By ANDREW VANDERHORST - | May 6, 2024

PHOTO PROVIDED Andrew Vanderhorst

As we wrap up the first quarter of the year, it’s important to look back and understand the dynamics that have shaped the financial markets. This period has been marked by significant achievements, especially in the stock market, along with critical monetary policy updates from the Federal Reserve.

The stock market continued with its prior year rally, with the S&P 500 index climbing to an all-time high, achieving a notable 10% total return. This performance continues to be primarily fueled by large-cap tech companies, especially those involved in artificial intelligence (AI), indicating the sector’s growing influence and future potential impact on the economy. Yet, the breadth of the market’s rise is widening with dividend/value companies beginning to share the spotlight, signifying a more inclusive rally.

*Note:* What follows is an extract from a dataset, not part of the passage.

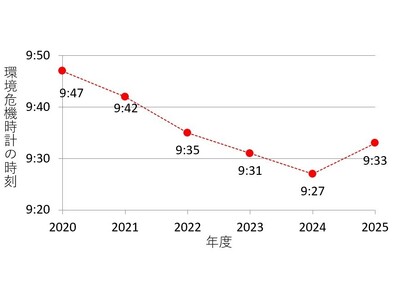 ● 2021年から2024年まで4年連続で針が戻っていたが、環境危機時計の時刻は昨年より6分進み、9時33分になった。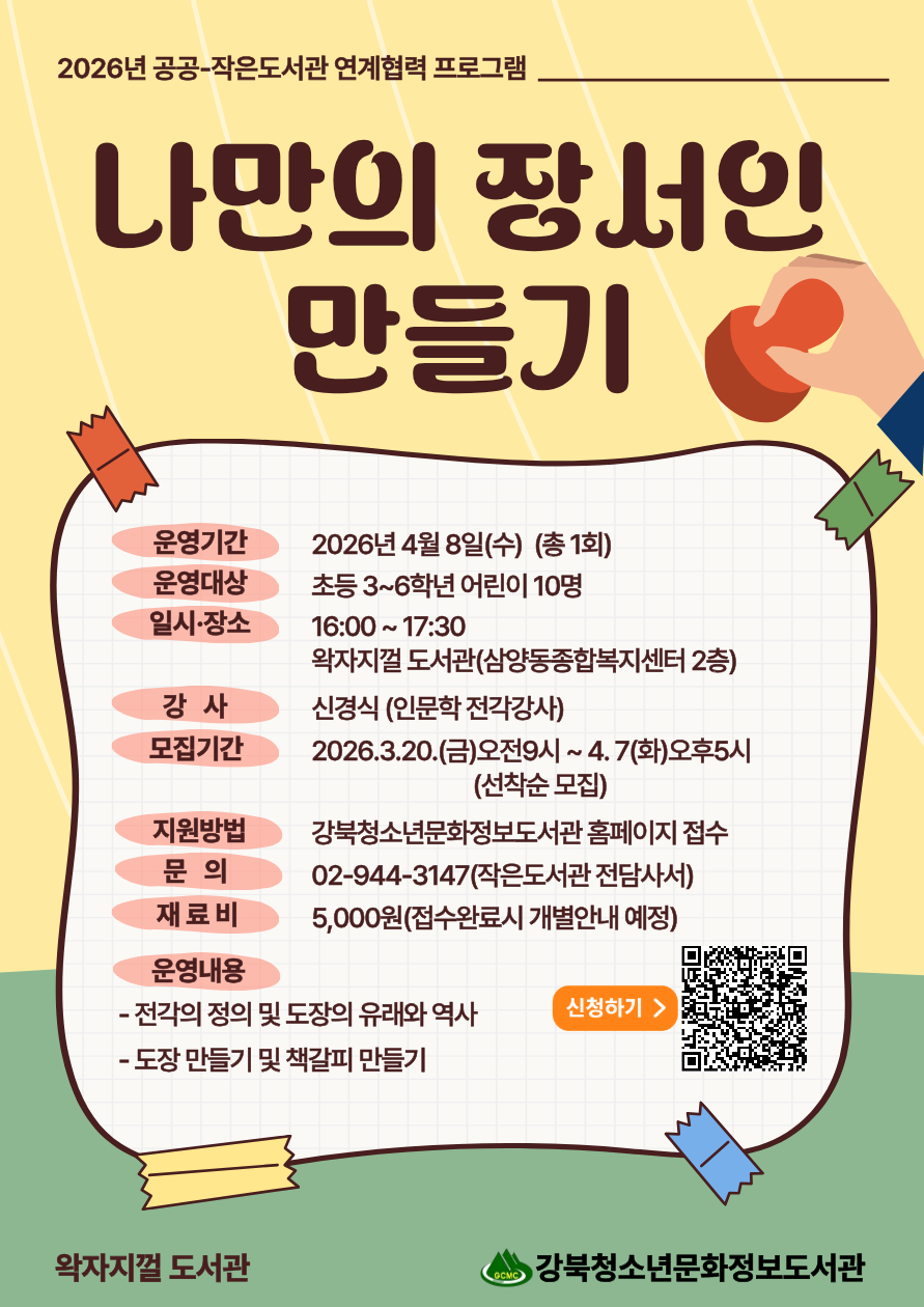 [작은도서관] 왁자지껄 도서관"나만의 장서인 만들기" 프로그램 안내

Beyond the S&P 500, global stock indices, including European and Japanese stocks, along with small-cap U.S. stocks, have also advanced, albeit not at the same pace. This is an important sign to which investors look for judging whether the market rally can continue.

An interesting development has been the normalization of the inverted yield curve, with short-term yields declining and long-term yields on the rise. Additionally, cash and money market funds continue to offer attractive yields above 5%. However, as the Federal Reserve gears up to lower interest rates, this landscape is bound to evolve. The returns from holding cash will decline, increasing the attractiveness of locking in currently elevated yields on fixed income investments. Thus, we will continue to reposition client portfolios around the changing landscape of fixed income where appropriate.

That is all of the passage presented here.